• **Task instructions**:
The response should consist of every line below, restated exactly, with no pictures.

• **Information supplied**:
####################
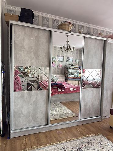 - Шкаф-купе трёхстворчатый. Центральная дверь — сплошное зеркало; боковые двери — сочетание бетона с зеркальными вставками с ромбовидной раскладкой. Рамы дверей алюминиевые, раздвижная система на нижней направляющей.
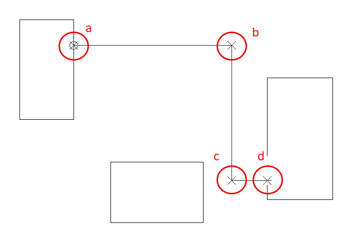 始点(a)をクリックした後、通過点(b)、(c)、(d)をクリックします。
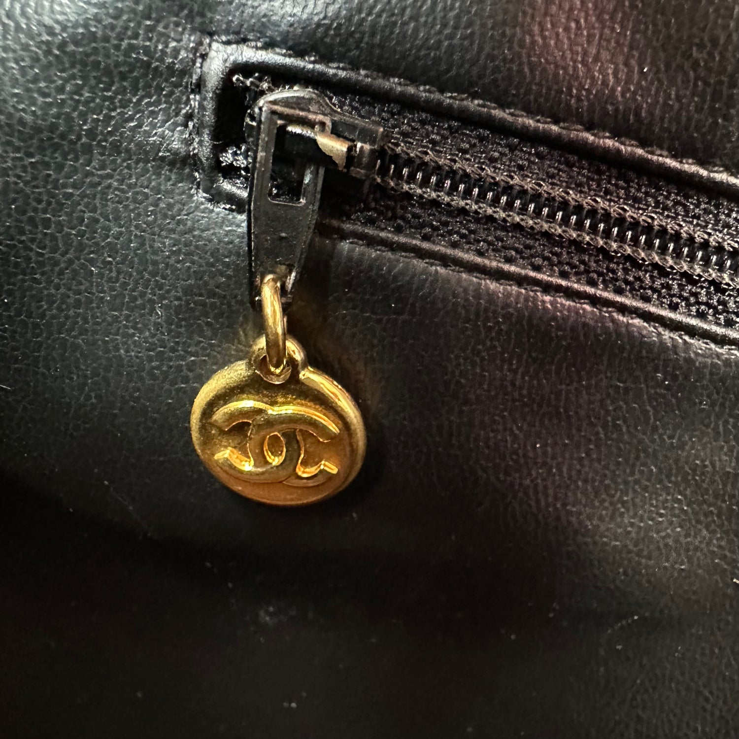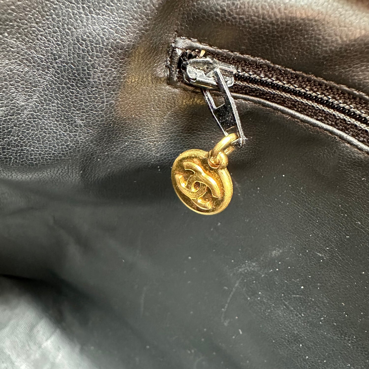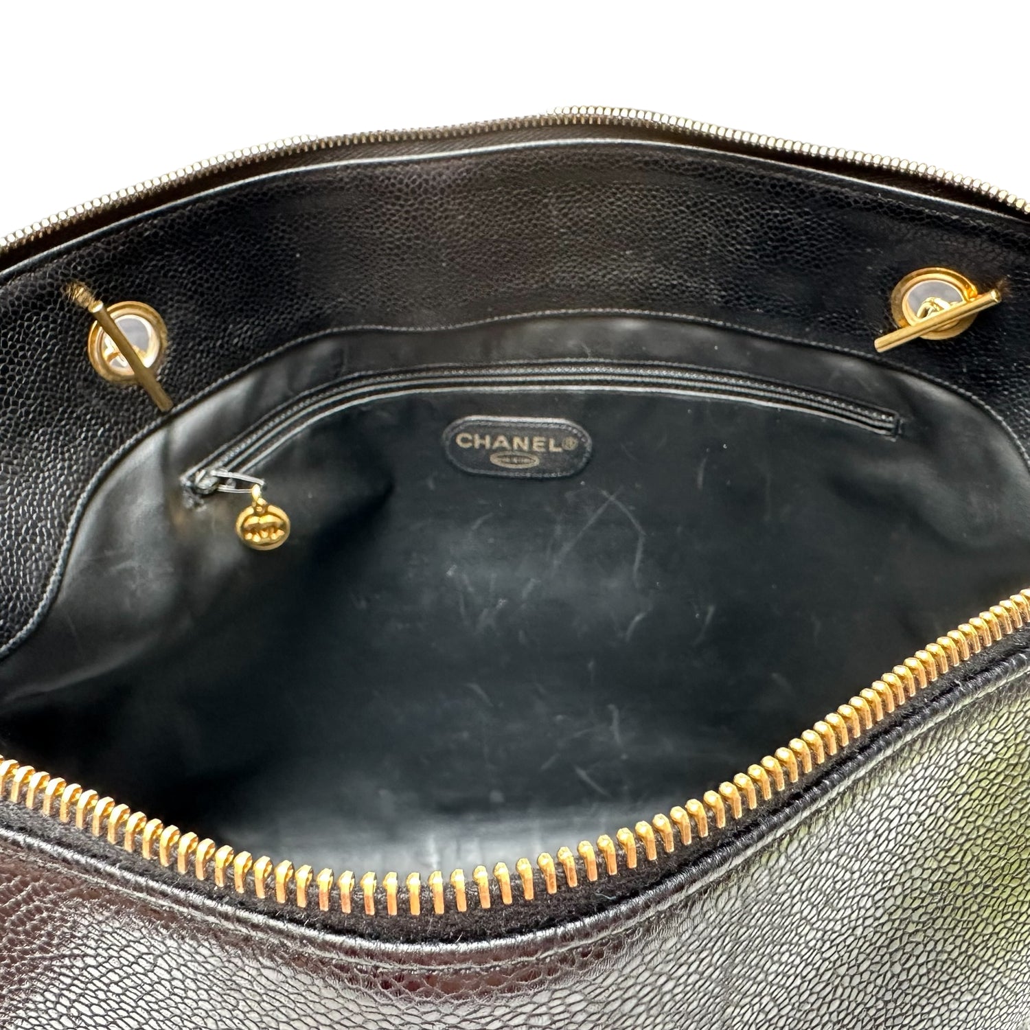 Chanel vintage XL tote. Black caviar leather. Gold-tone hardware. Zipper closure at top. Double flat handles with chain iconic chain strap details. Maxi CC logo balls. Double interior zipper pockets at sides. Leather lined.
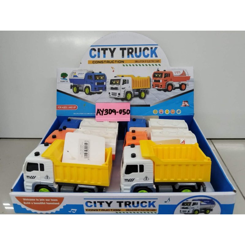 box of "City Truck Construction" friction toy trucks, likely sold in a two-pack set.
####################
• **Output**:
 - Шкаф-купе трёхстворчатый. Центральная дверь — сплошное зеркало; боковые двери — сочетание бетона с зеркальными вставками с ромбовидной раскладкой. Рамы дверей алюминиевые, раздвижная система на нижней направляющей.
 始点(a)をクリックした後、通過点(b)、(c)、(d)をクリックします。
 Chanel vintage XL tote. Black caviar leather. Gold-tone hardware. Zipper closure at top. Double flat handles with chain iconic chain strap details. Maxi CC logo balls. Double interior zipper pockets at sides. Leather lined.
 box of "City Truck Construction" friction toy trucks, likely sold in a two-pack set.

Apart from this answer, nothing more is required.